- **WHAT THE EXERCISE ASKS**: Each line below from the "Limited Quantities For" line through the "绝对必备:HR经理面试提问大全(100问).doc" line, those two included, must be restated word for word; the pictures must not be.
##### DATASET CONTENT
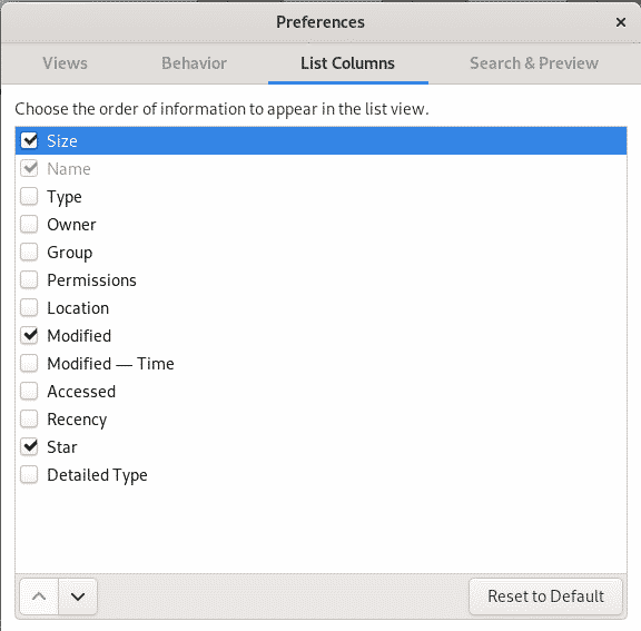 Then, click on the Preferences option that will open the Preferences view with the ‘Views’ tab open. Click on the List Columns tab that lets you set the order of information that appears in the list view of the File Manager.
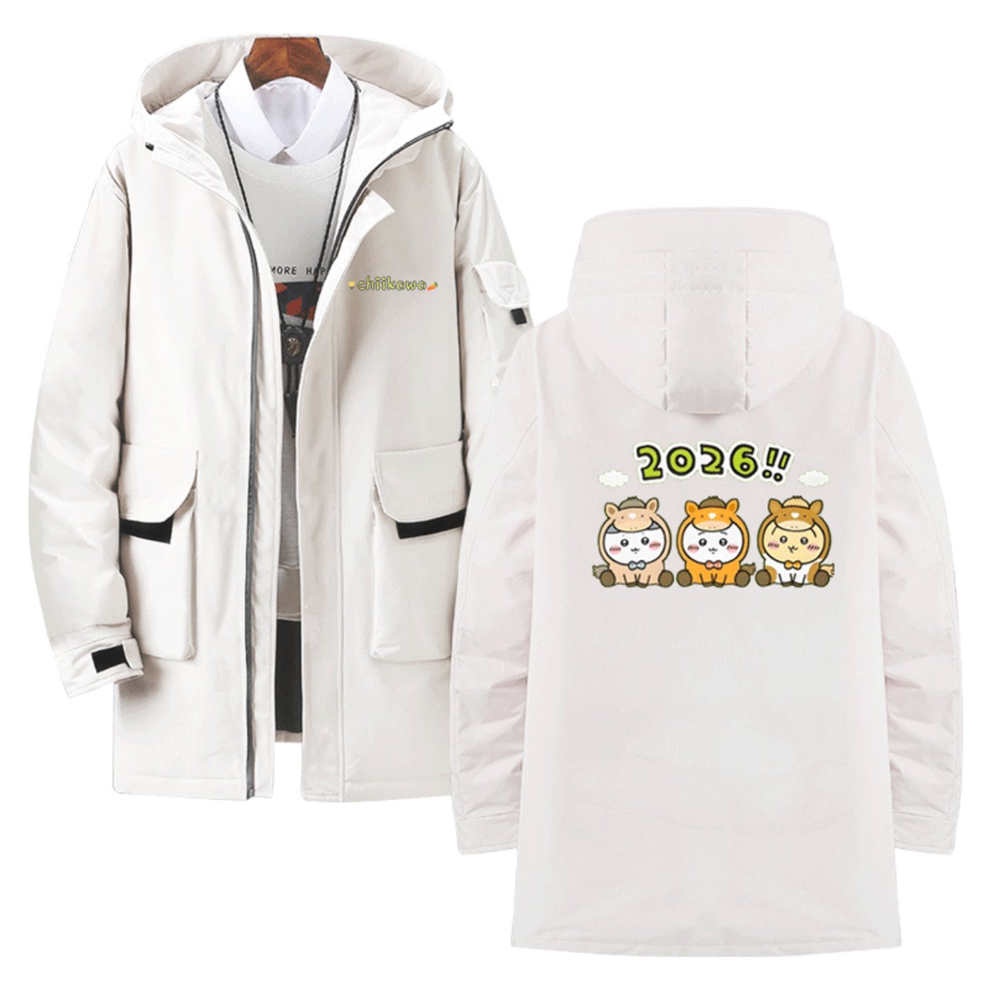 男女情侣可定制中长羽绒服外套马年chiikawa吉伊卡哇联名cos卡通
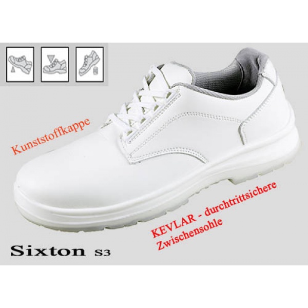 Metallfreier Sicherheitshalbschuh SIXTON mit textiler Zwischensohle. Schaft: Weisses, atmungsaktives, wasserabstossendes Mikrofasermaterial, antibakterielles Textilfutter, gepolsterter Schaftrand und Staublasche, Temperatur ausgleichende, korrosionsfreie und nicht magnetische Zehenschutz-Kunststoffkappe. Fussbett: Texonbrandsohle, antibakterielle Einlegesohle. Sohle: Textile Zwischensohle, trittweiche Duo-PU-Sohle, öl-, benzin- und säurefest, antistatisch, hitzebeständig bis 120 °C. lieferbare Grössen 36, 37, 38, 39, 40, 41, 42, 43, 44, 45, 46, 47, Weite 11.
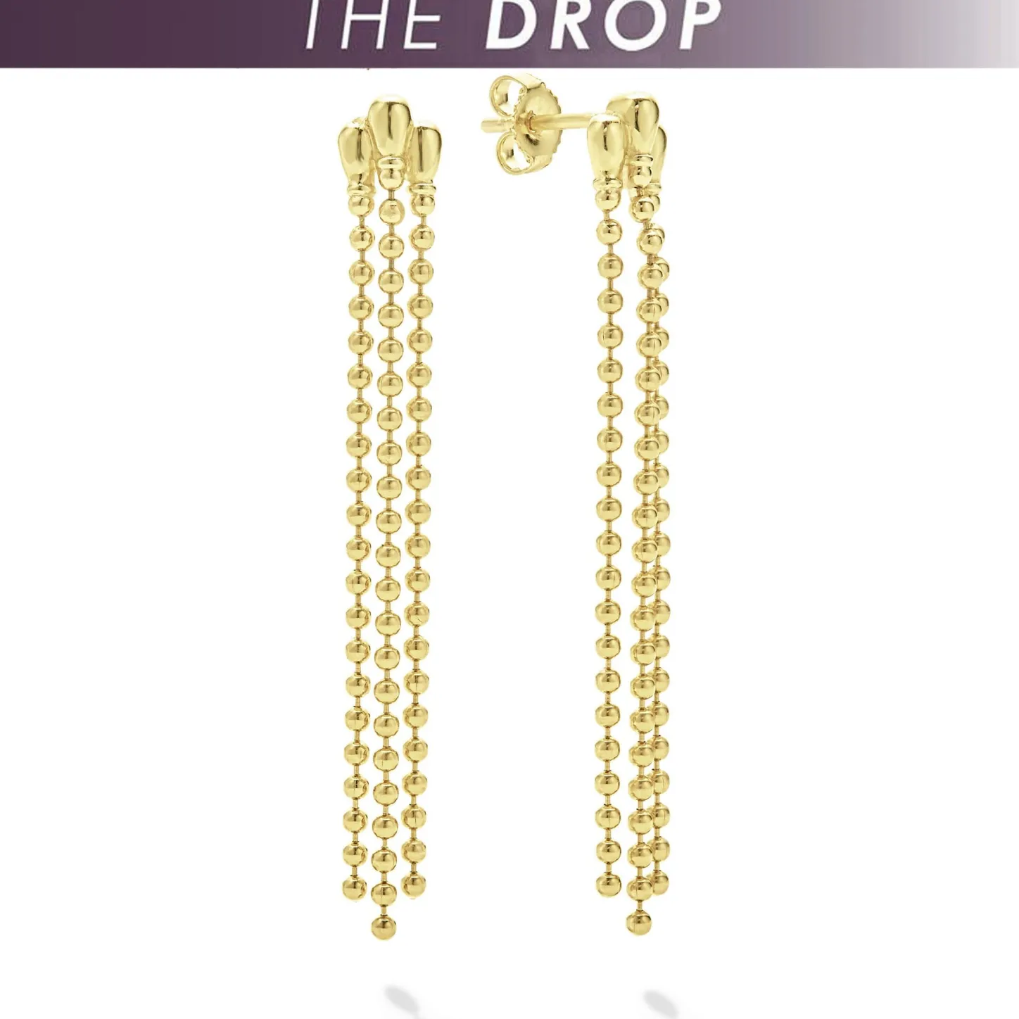 Limited Quantities For A Limited Time! A Lagos Exclusive. Three Strands Of 18K Gold Caviar Beading Form These Drop Earrings.
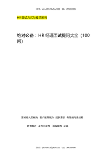 绝对必备:HR经理面试提问大全(100问).doc
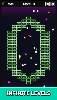 I love this game: other than needing to pay close attention for bonuses, it kind of runs on AUTO with few mandatory ads..AND has pleasant and relaxing background music! To start, you receive only one slow ball which has little power..BUT, the fun occurs as you build coins, buy more balls with cool "abilities", increase their speeds and their power/damage. Developers: please add some aspect(s) that help new players, such as tutorials or FAQs..I found the first few levels very confusing!
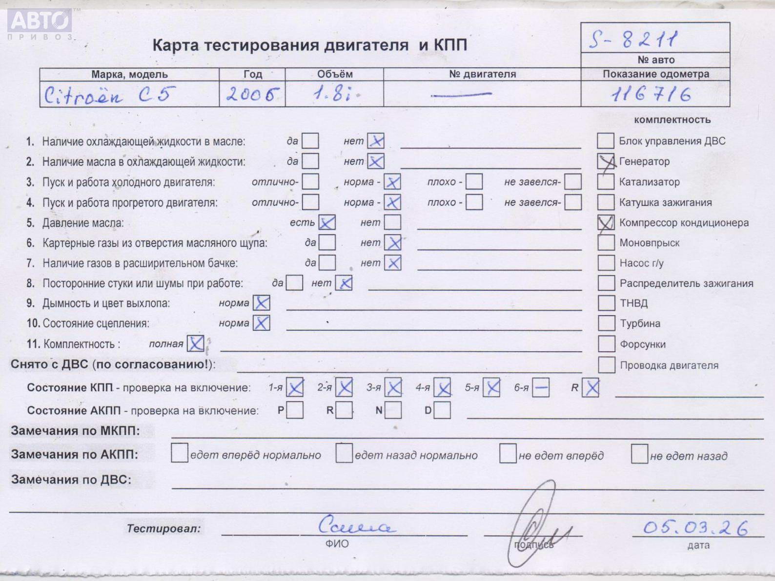 | Марка / Модель / Год: | Citroen C5 (2001-2008) 2006 |
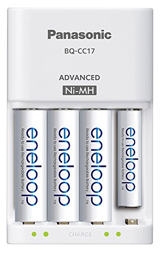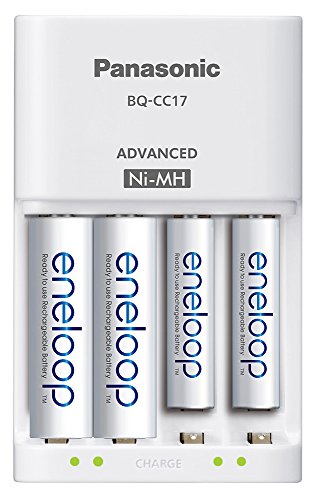 Panasonic BQ-CC17SBA eneloop Advanced Individual Battery Charger with 4 LED Charge Indicator Lights, White
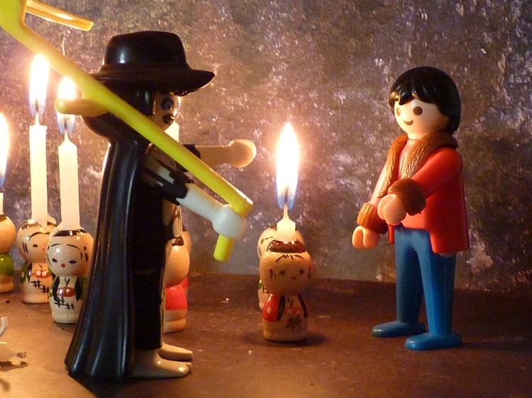 „Siehst du“, sprach der Tod, „das sind die Lebenslichter der Menschen. Die großen gehören Kindern, die halbgroßen Eheleuten in den besten Jahren, die kleinen gehören Greisen. Doch auch Kinder und junge Leute haben oft nur ein kleines Lichtchen."
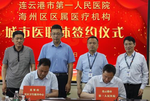 签约仪式上,施辉与海州区城市医联体医疗机构、项目合作医疗机构负责人分别签订合作协议书。
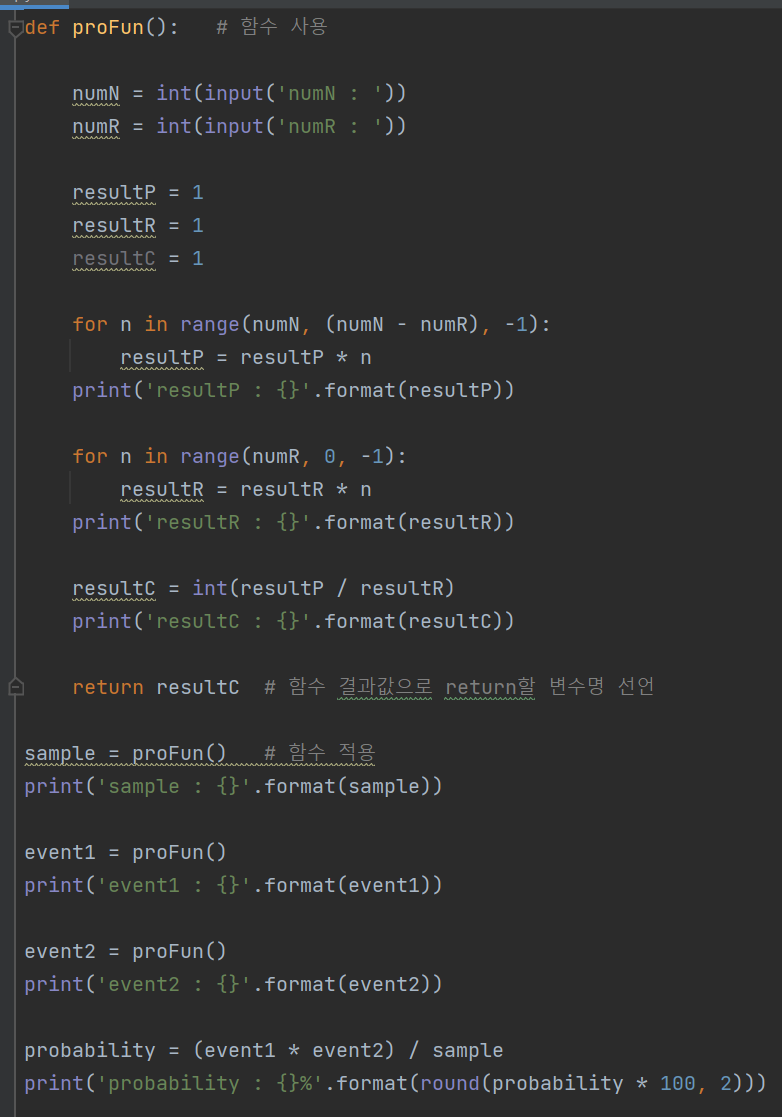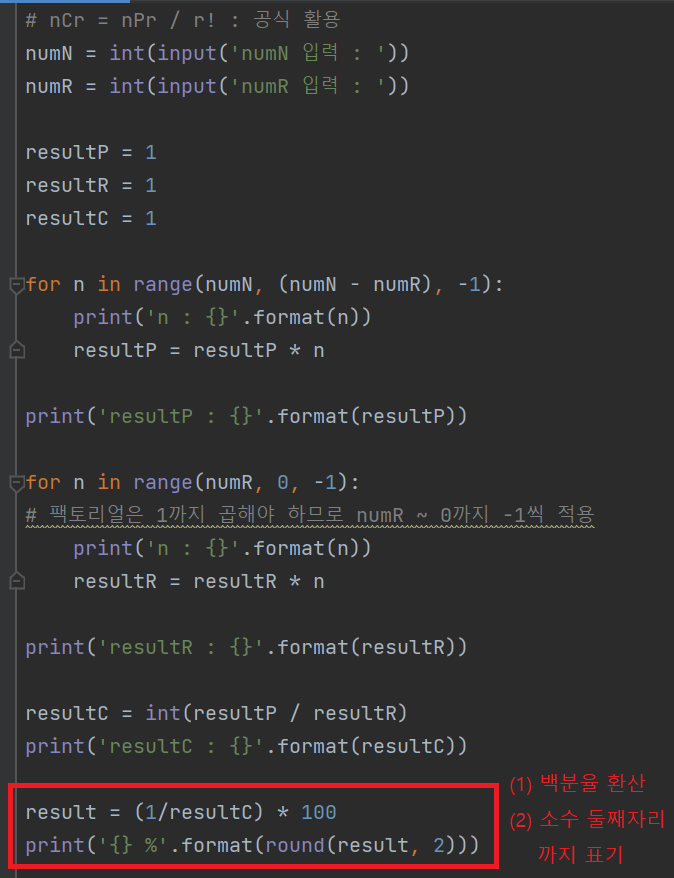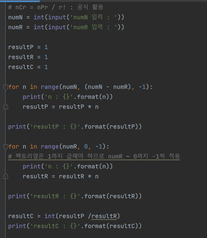 [ 예제 3 ] 파이썬을 이용해서 다음 조합들의 값을 구하는 프로그램 만들기
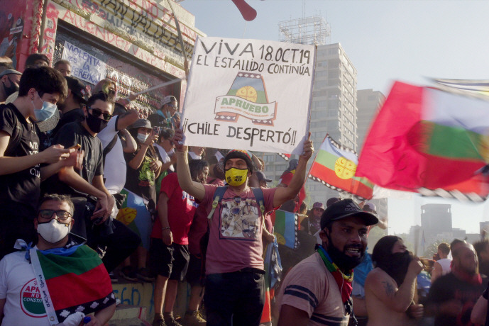 영화는 "구즈만의 첫 영화 <첫 해>의 푸티지로 시작한다. 살바도르 아옌데를 보며 환호하는 칠레 민중의 모습이 담겨 있다. 구즈만은 크리스 마르케가 그 영화를 마음에 들어 했으며, 프랑스에 배급하는 것에 도움을 주었음을 언급하며 영화를 시작한다. 오랜만에 칠레를 찾은 그가 마주한 것은 거리의 돌들이다. 최루탄과 고무탄, 살수차 등으로 무장한 경찰에 맞서기 위해 시위대가 부순 길바닥의 잔해들이다. 구즈만의 전작 <꿈의 안데스>에서 보았던 것과 같은 돌들이다. 그는 세 편의 전작(<빛을 향한 노스탤지어>, <자개 단추>, <꿈의 안데스>)를 통해 피노체트 군부정권 하에서 진행된 투쟁을 되짚어 보았다. <내가 꿈꾸는 나라>는 2019년 10월 18일 시작되어 현재도 진행중인 새로운 혁명에 관한 이야기다. 구즈만은 자신이 목격한 칠레의 두 번째 혁명에서 일종의 데자뷔를 느낀다. 길바닥에 돌들, 무장한 경찰들, 길거리에 배치된 군인들, 그리고 무수한 군중들. 이 데자뷔에서 구즈만은 1970년대외 2020년대 사이의 차이를 하나씩 찾아간다. 우선 이 영화의 모든 인터뷰이는 여성이다. 언어학자, 영화인, 대학생, 사진작가, 체스 기사, 음악가 등 다양한 직업군의 여성들은 이번 혁명의 의의를 각자의 관점에서 설명한다. 보수적인 칠레의 문화를 철폐하고자, 신자유주의와 가부장제와 여성, 사회적 소수자, 노동자, 농민, 원주민을 차별하고 배제하는 정치를 철폐하고자 이들은 거리로 나섰다. 백만이 넘는 인파가 몰린 광경이나 수많은 여성이 성폭력과 성차별에 반대하며 군무를 추는 광경은 엄청난 폭발력을 보여준다. 다만 이 폭발력은 피노체트 정권을 타파하고자 거리로 나섰던 이들이 동일한 목표로 모였던 것과는 다른 양상으로 전개된다. 구즈만이 이 영화에서 여성만을 인터뷰한 이유가 여기에 있을 것이다. 물론 이들의 목표는 하나의 이데올로기를 형성하지 않는다. 이번 혁명에 참여한 이들의 이데올로기는 "차별과 배제의 철폐"와 같은 모호한 것에 가깝다. 마침내 자신이 꿈꾸던 나라에 가까워진 칠레의 모습을 목격하는 구즈만의 내레이션과 시선은 그가 느꼈을 감격을 고스란히 전달한다. 물론 한 인터뷰이의 말처럼, 그것은 실패할 가능성을 품고 있다. 새로운 헌법 제정에 실패할 수도, 선거에서 극우파가 득세할 수도 있다. 하나로 조직되지 않은, 지도부도 이데올로기도 통일된 의제도 없는 투쟁은 어디로 향하게 될까? 영화를 보는 내내 절반의 성공을 거둔 2016년 이후의 한국을 떠올리게 된다. 구즈먼은 이번 영화의 제목을 "My Imaginary Country"라 지었다. 그가 꿈꾸는 나라는 완수된 과거의 것도, 완수될 것이라 예측하기도 어려운 지향점이다. 70년대의 '칠레 전투'를 지켜보았던 구즈먼은 여전히 새로운 칠레를 꿈꾸고 카메라에 희망을 담아내려 한다. 언제든 절망으로 바뀔 수 있는 희망일지라도, 구즈먼의 카메라는 희망의 모호한 실체를 찍는다. 영화의 엔드크레딧에는 <칠레 전투>에 나왔던 칠레 민중의 모습이 등장한다. 동일한 움직임을 보여주는 당시의 이미지는 영화 내내 그와 같은 움직임을 보여주던 2020년대 칠레 민중의 이미지와 겹쳐진다. 단지 이미지에 담긴 이들의 모습이 변화하였을 뿐이다. 구즈만이 꿈꾸는 나라는 도래할 수 있을까? 다가올 미래를 확신하여 말할 수는 없지만, 적어도 구즈만이 40년 간 품어온 절망이 희망으로 변화하는 순간을, 이 영화를 통해 엿볼 수 있다.
##########
- **EXERCISE OUTPUT**:
 Limited Quantities For A Limited Time! A Lagos Exclusive. Three Strands Of 18K Gold Caviar Beading Form These Drop Earrings.
 绝对必备:HR经理面试提问大全(100问).doc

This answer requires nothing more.